Hanging on the cross, crucified now, he is still hit with words. This time words that mock him. Now his own words and actions are thrown back in his face. He saved others, he trusted in God, God should deliver him. Where is his is relationship with God now? Here is the king and look how powerless he is. What is said in mockery is true in one sense but the words are misunderstood. The words like this could hurt you and I when we are misunderstood, when our identity and message is thrown back in our face. But then slowly it comes to us that the truth of the words is found in that very crucified one. It is the cross and the crucifixion that fill these words with their true meaning.

In these pandemic days when being cut off, being alone feeling isolated is felt by so many, in these days we also hear this story of Jesus Passion. In it we hear how his dying encompassed precisely the death of relationships as well as the pain of physical suffering. If we are honest with what we read and hear, the evangelist devotes considerable energy to the death of relationships, the fracture of words, the misuse of words as part of the death story, as part of the Passion, as part of suffering.

Yet we also see how the death of human relationships only makes the one relationship Jesus has stand out more clearly. Filled with sorrow and distress, he calls out the one name he can and takes his position in that name: Father. In that name he pours out his heart and his sorrow. He pours out his fear of what lies ahead…take this cup from me. But each time, and we hear it three times, he will not give the final word on his life. That he leaves to his Father. He will keep the Father’s word even if it means drinking the cup.

In the midst of the passion and from the cross itself, there is one relationship that remains steadfast for him and he to it: namely Father. The cry from the cross, My God, My God…is not a cry of despair. It is the cry of every person who has come to their limits and only has faith in “My God” left. These are not words thrown to the air. They are words from a pained heart of humanity clinging to the only relationship left, the invisible but real Father. And this is relationship that the foreign, occupying soldiers see and hear in these events of death and so it leads them to declare: “This is God’s son.”

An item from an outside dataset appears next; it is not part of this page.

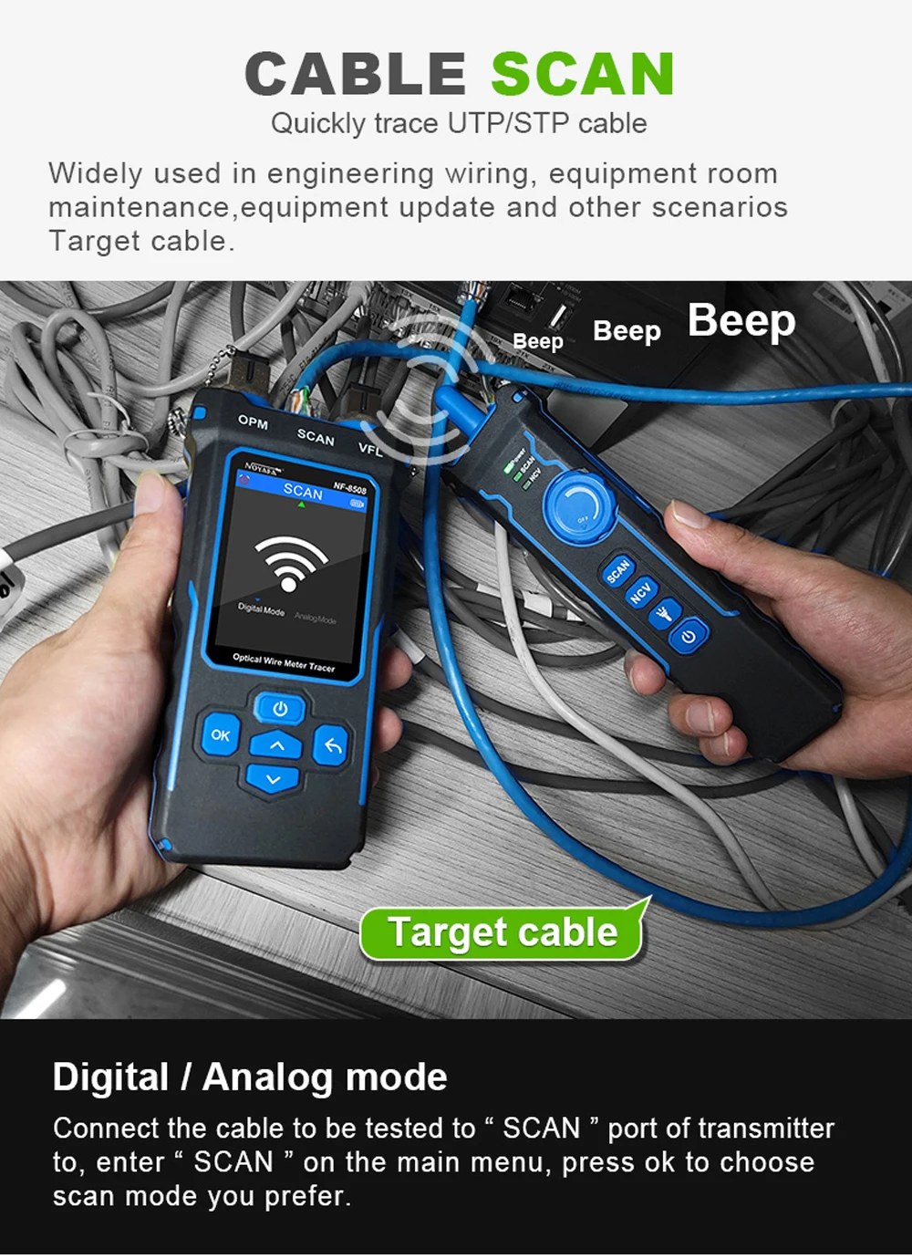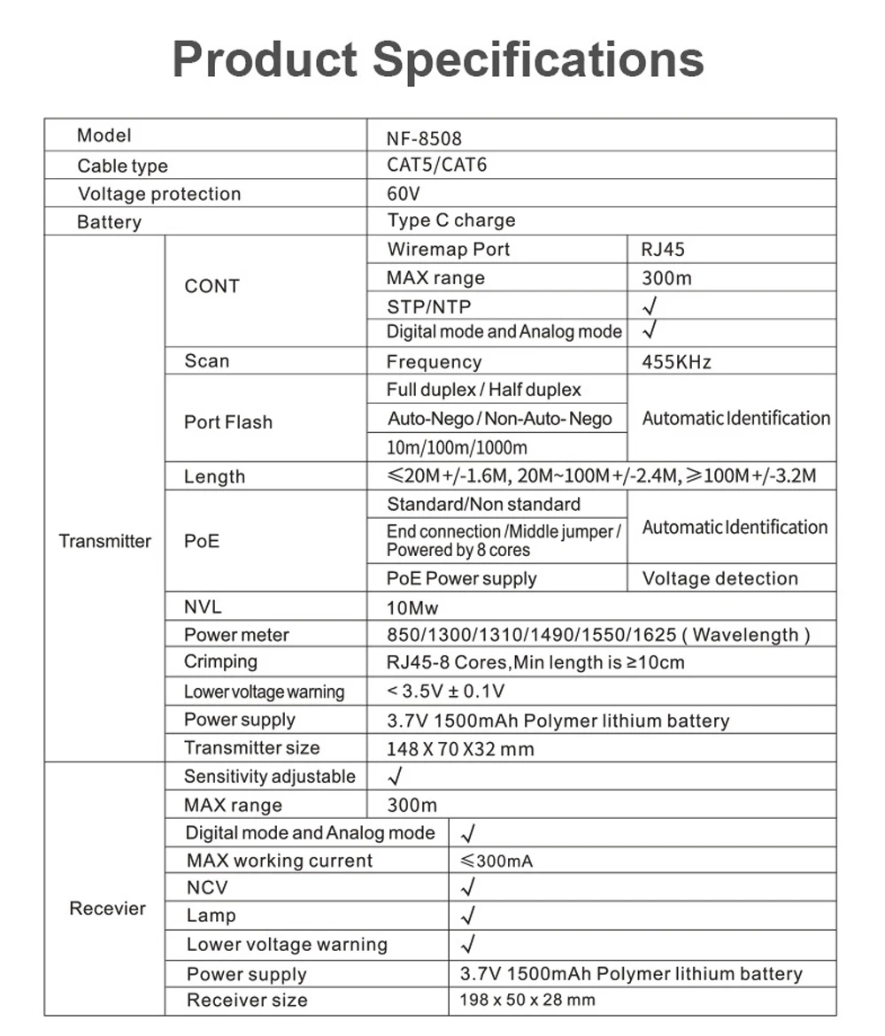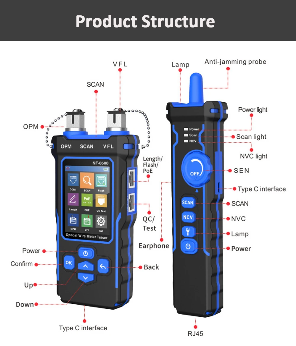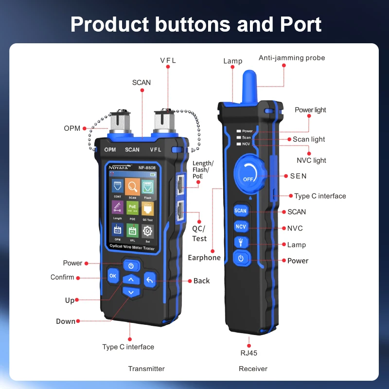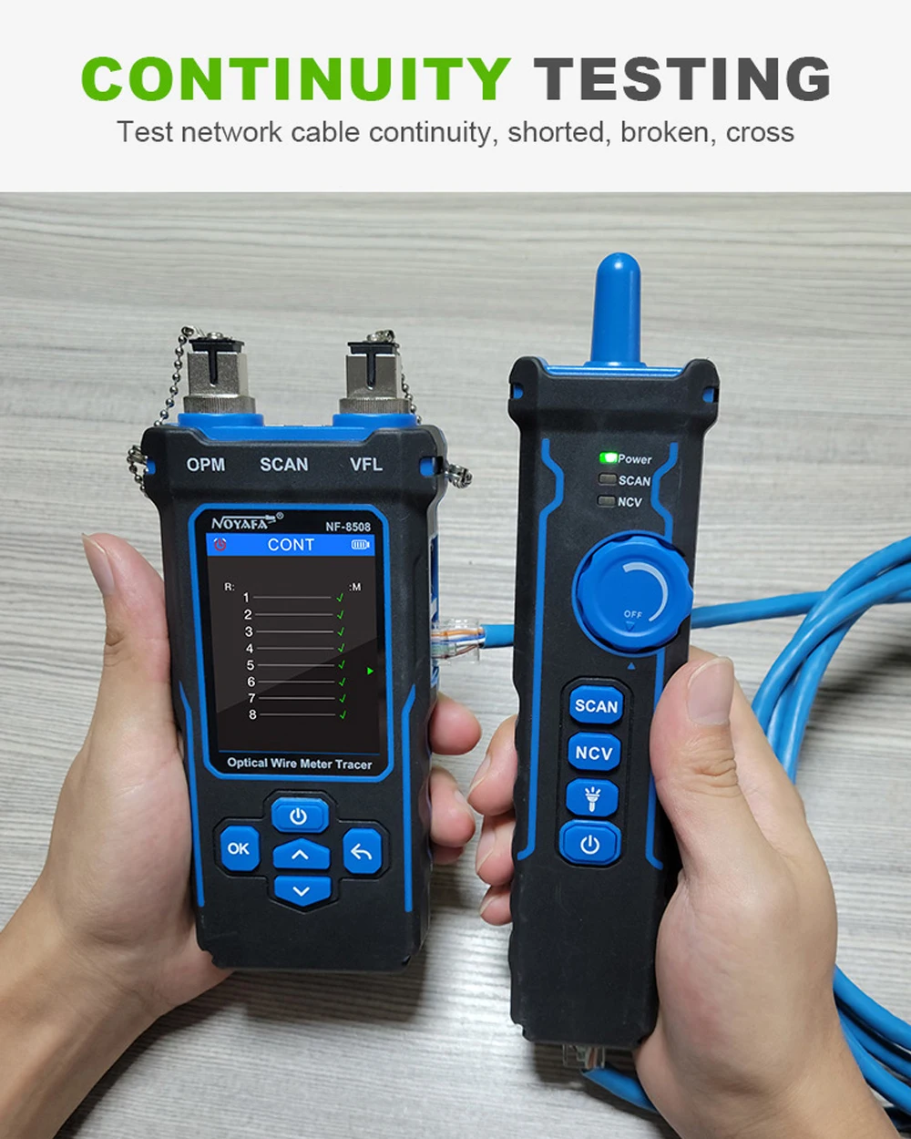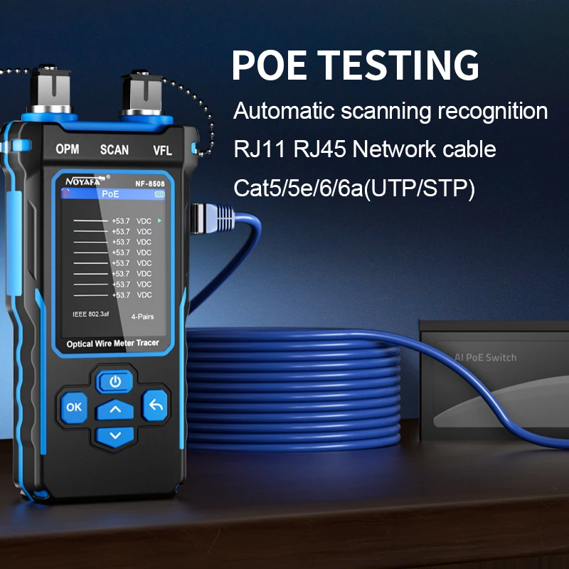 Comprar Noyafa-probador de Cable de red de NF-8508, rastreador de Cable con pantalla LCD Digital, OPM VFL PoE, RJ11, RJ45, buscador de línea, herramientas de red

On this Sunday of the Passion heard in our own days when we seem to be at a loss and all is spinning around us, we have a witness in a dying man of where we must turn and to whom we can speak. For the trust we have in Our Father will lead, in his day and time, to something new, something right now beyond our imagining but quite possible. Possible because it will be rooted, as Jesus’ death teaches us, “in his will.” For God’s son, loving faithfulness on both sides led to resurrection. It will for us too when we enter into the Paschal Mystery these days of 2020.